We introduce efficient algorithms for approximate sampling from symmetric Gibbs distributions on the sparse random (hyper)graph. The examples we consider include (but are not restricted to) important distributions on spin systems and spin-glasses such as the q state antiferromagnetic Potts model for $q\geq 2$, including the colourings, the uniform distributions over the Not-All-Equal solutions of random k-CNF formulas. Finally, we present an algorithm for sampling from the spin-glass distribution called the k-spin model. To our knowledge this is the first, rigorously analysed, efficient algorithm for spin-glasses which operates in a non trivial range of the parameters. Our approach builds on the one that was introduced in [Efthymiou: SODA 2012]. For a symmetric Gibbs distribution $\mu$ on a random (hyper)graph whose parameters are within an certain range, our algorithm has the following properties: with probability $1-o(1)$ over the input instances, it generates a configuration which is distributed within total variation distance $n^{-\Omega(1)}$ from $\mu$. The time complexity is $O((n\log n)^2)$. The algorithm requires a range of the parameters which, for the graph case, coincide with the tree-uniqueness region, parametrised w.r.t. the expected degree d. For the hypergraph case, where uniqueness is less restrictive, we go beyond uniqueness.
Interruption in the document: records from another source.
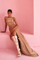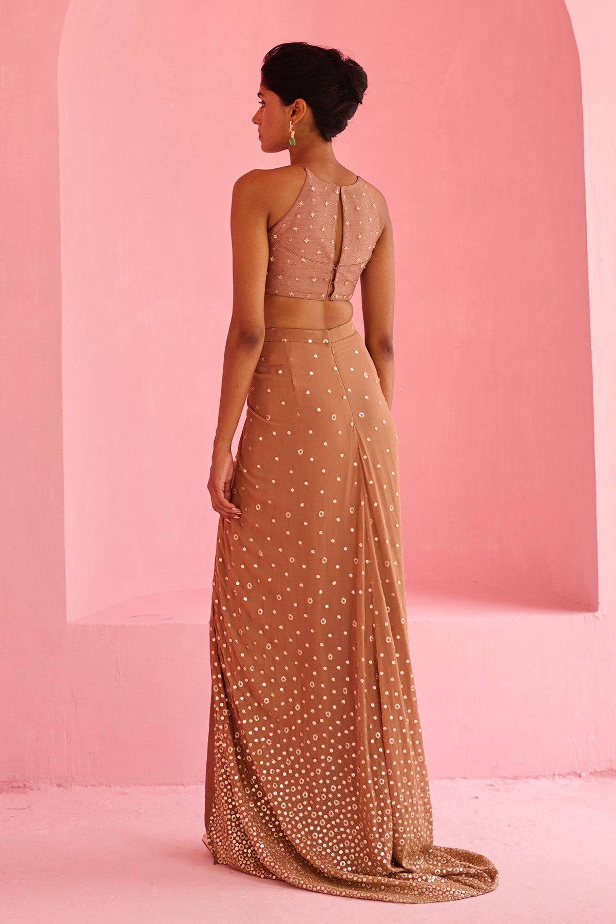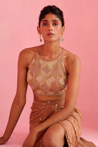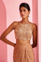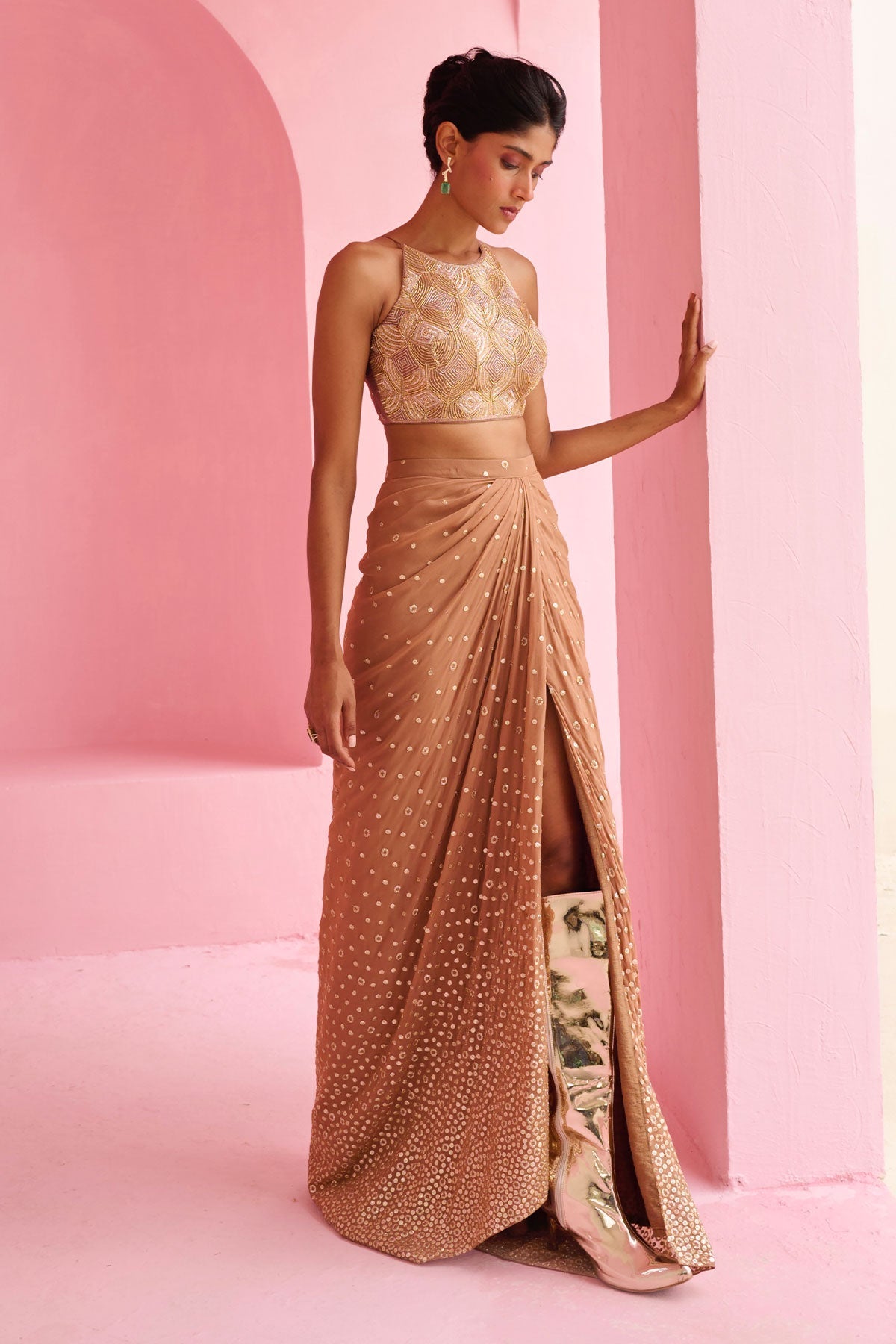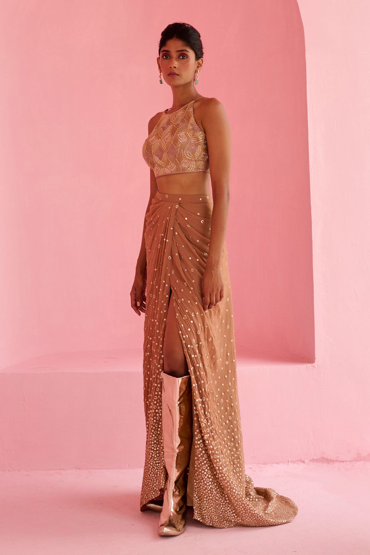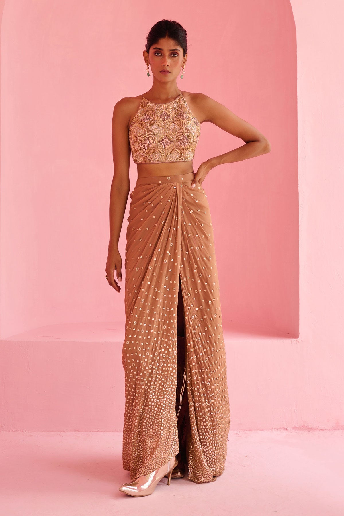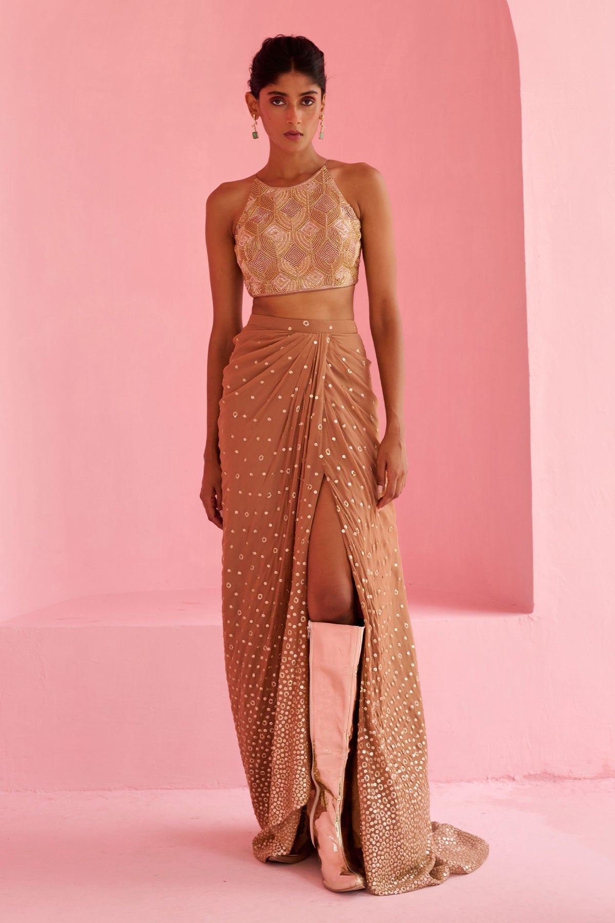 Sequence embellished drape skirt paired with glassbeads embroidered halter neck top.
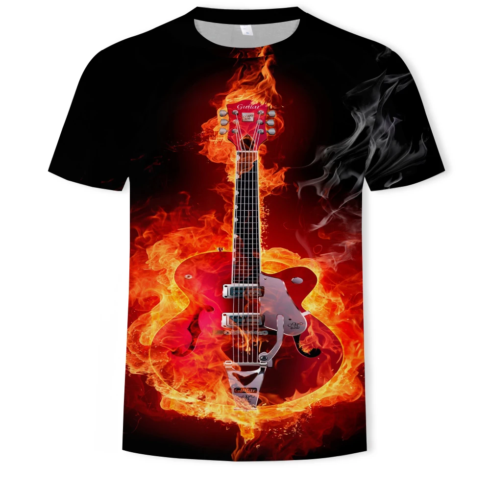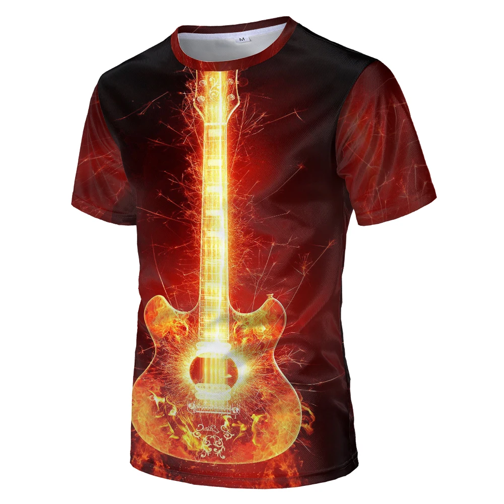 Лето 2021 мужские 3D с принтом на музыкальную темугитары узор футболка с коротким рукавом для мамы, удобная, модная, свободная, спортивная одежда с короткими рукавами xxs-6xl
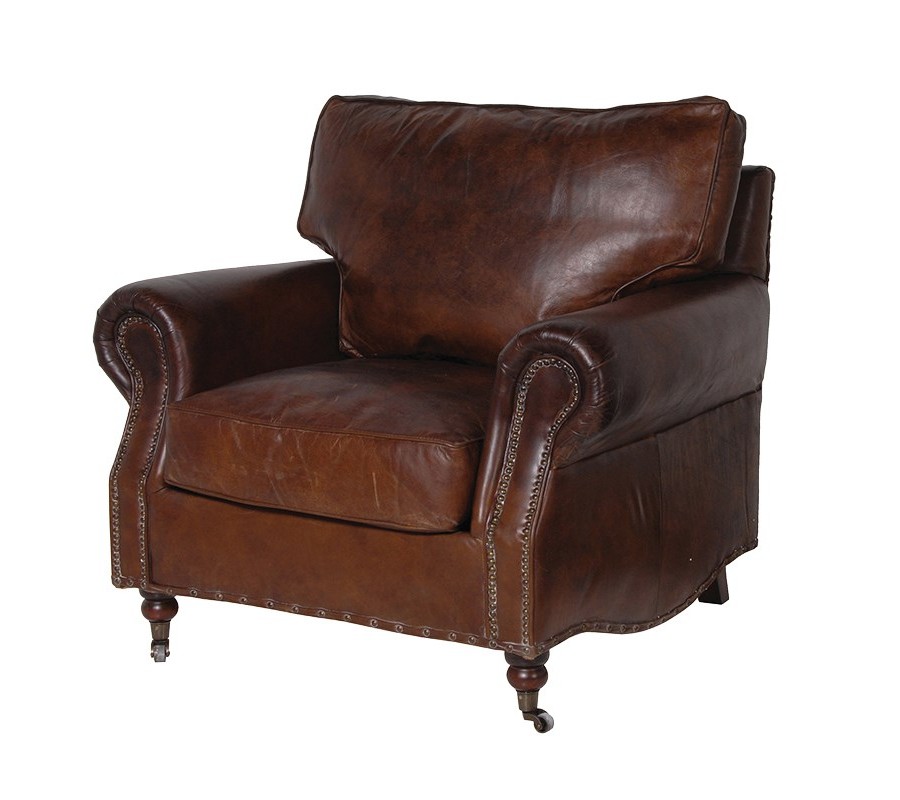 Luxuné kožené kreslo má dominantné oblúkové opierky a vankúš sčalúneným z pravej talianskej kože v mieste chrbtovej opierky. Vyzdobené je decentnými vybíjanými cvokmi na svojom spodnom okraji a po bokoch opierok. Vďaka cvokom v starej medennej farbe a tmavohnedej koži kreslo dodá interiéru vintage vzhĺad. Kreslo má mäkké sedenie, vďaka čomu sa v ňom bude každý komfortne cítiť. S kreslom sa pohodlne manipuluje vďaka kolieskam umiestneným na jeho predných vyrezávaných nožičkách. Vhodné je do miestnosti s honosným nábytkom z dreva v tmavej hnedej farbe.
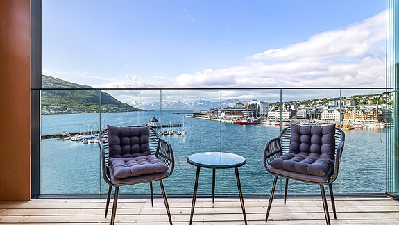 Eksklusiv leilighet på bryggekanten i Tromsø med spektakulær sjøutsikt, 150 kvm privat terrasse og 2 garasjeplasser
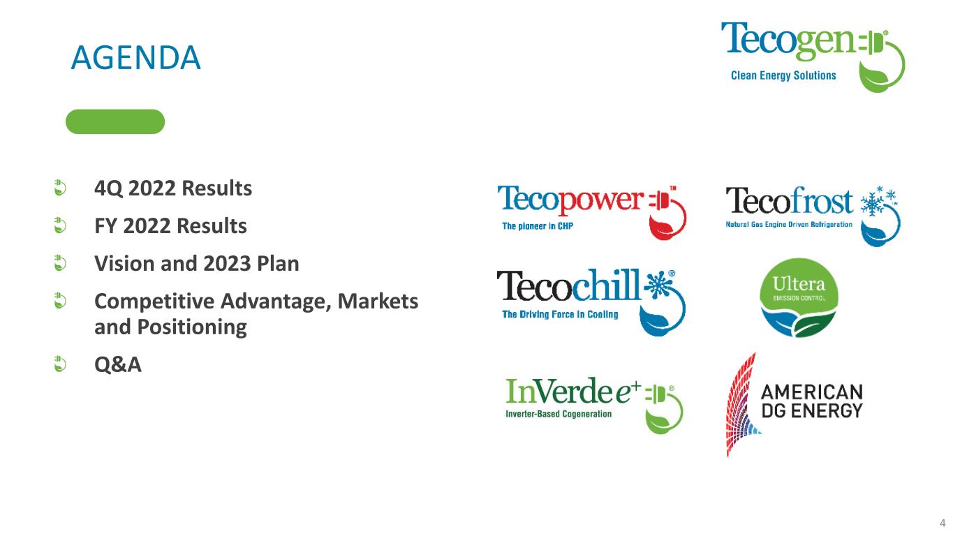 AGENDA 4Q 2022 Results FY 2022 Results Vision and 2023 Plan Competitive Advantage, Markets and Positioning Q&A 4
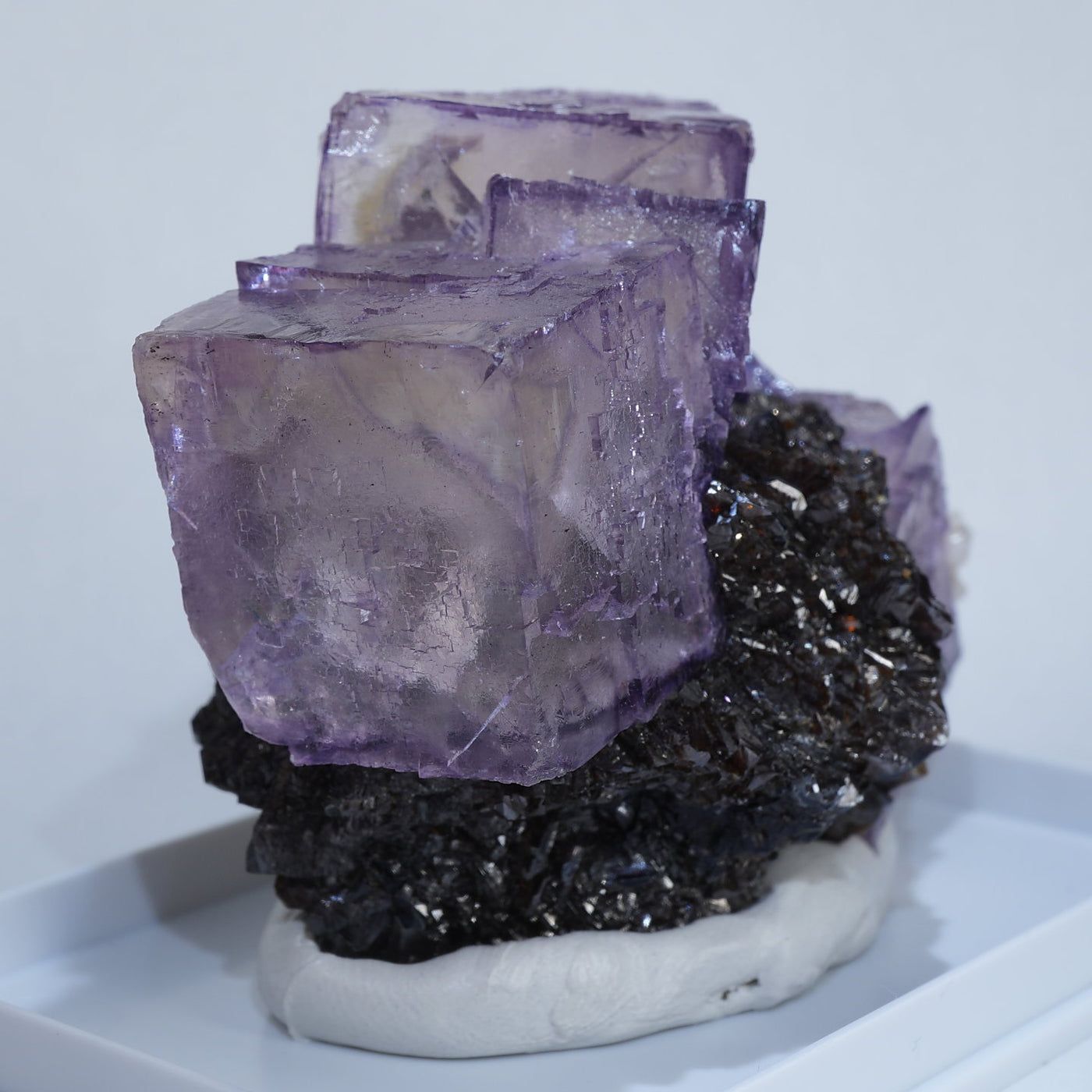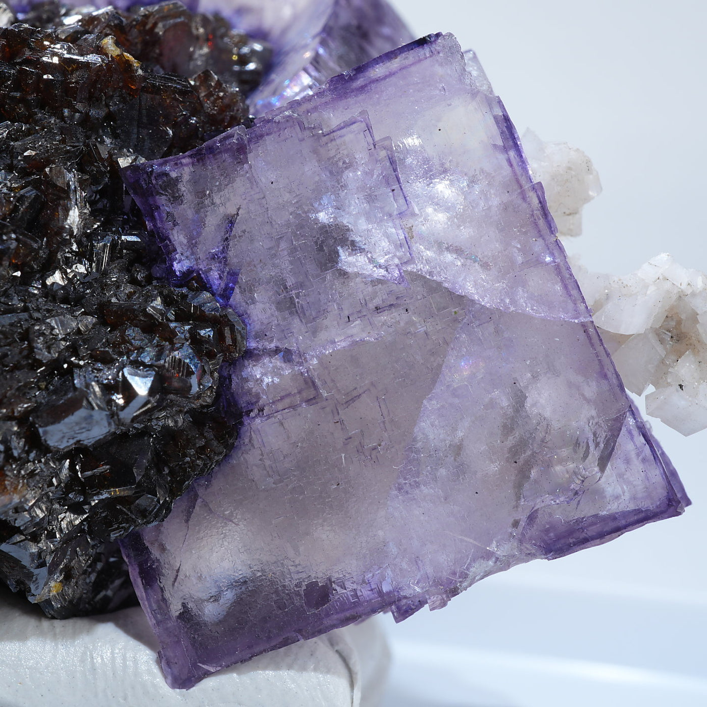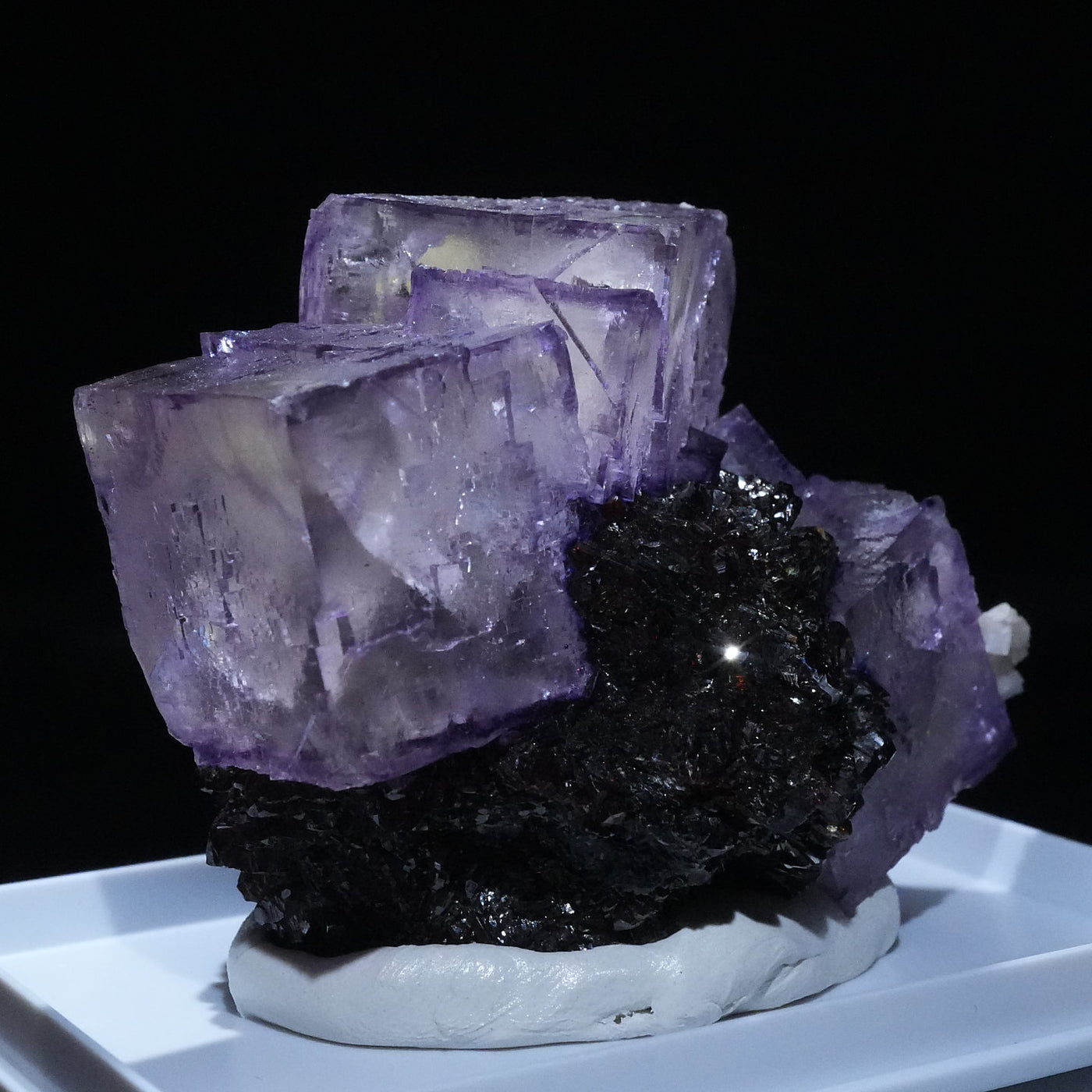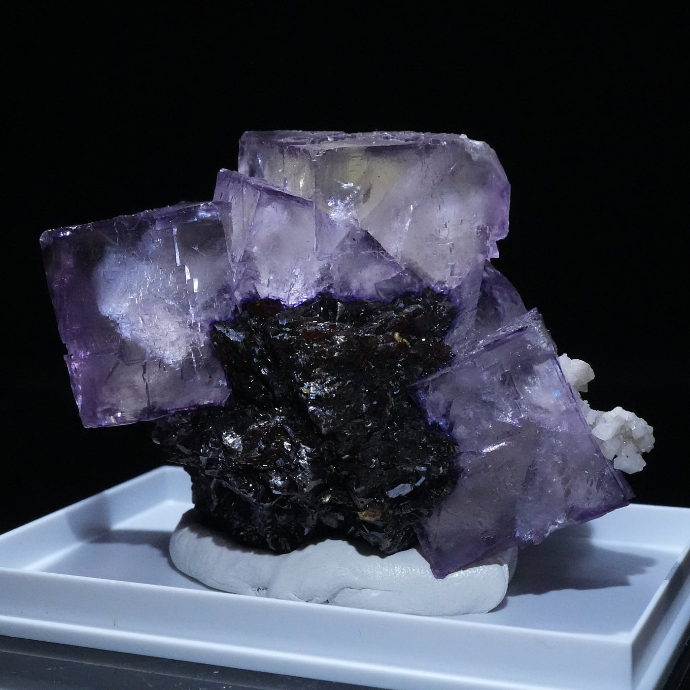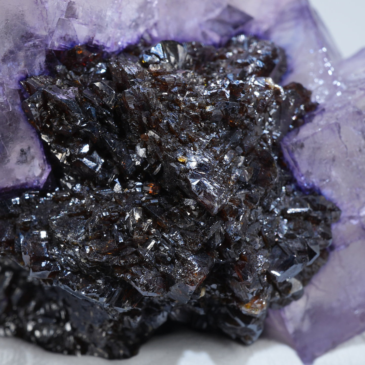 テネシー州エルムウッド鉱山産のフローライト・スファレライトです。光沢のあるスファレライトと淡いパープルのキューブ型のフローライトの共生がとても綺麗です。紫外線ライトを当てると蛍光します。

Our approach utilises in a novel way the notion of contiguity between Gibbs distributions and the so-called teacher-student model.

翻译：本文提出了针对稀疏随机(超)图上对称吉布斯分布近似采样的高效算法。所考虑的实例包括（但不限于）自旋系统与自旋玻璃中的重要分布，例如$q\geq 2$的$q$态反铁磁波茨模型（含图着色问题），以及随机$k$-CNF公式的Not-All-Equal解均匀分布。此外，我们提出了一种名为$k$-自旋模型的自旋玻璃分布采样算法。据我们所知，这是首个在非平凡参数区间内严格可分析的自旋玻璃高效采样算法。本方法基于[Efthymiou: SODA 2012]提出的框架。对于参数处于特定范围内的随机(超)图上的对称吉布斯分布$\mu$，该算法具有以下性质：在输入实例上以概率$1-o(1)$生成一个配置，该配置与目标分布$\mu$的全变差距离为$n^{-\Omega(1)}$。时间复杂度为$O((n\log n)^2)$。算法所需的参数范围在图中对应于以期望度$d$参数化的树唯一性区域；对于超图情形（唯一性约束较弱），本方法可突破唯一性限制。本文创新性地利用吉布斯分布与所谓"师生模型"之间的邻接性概念。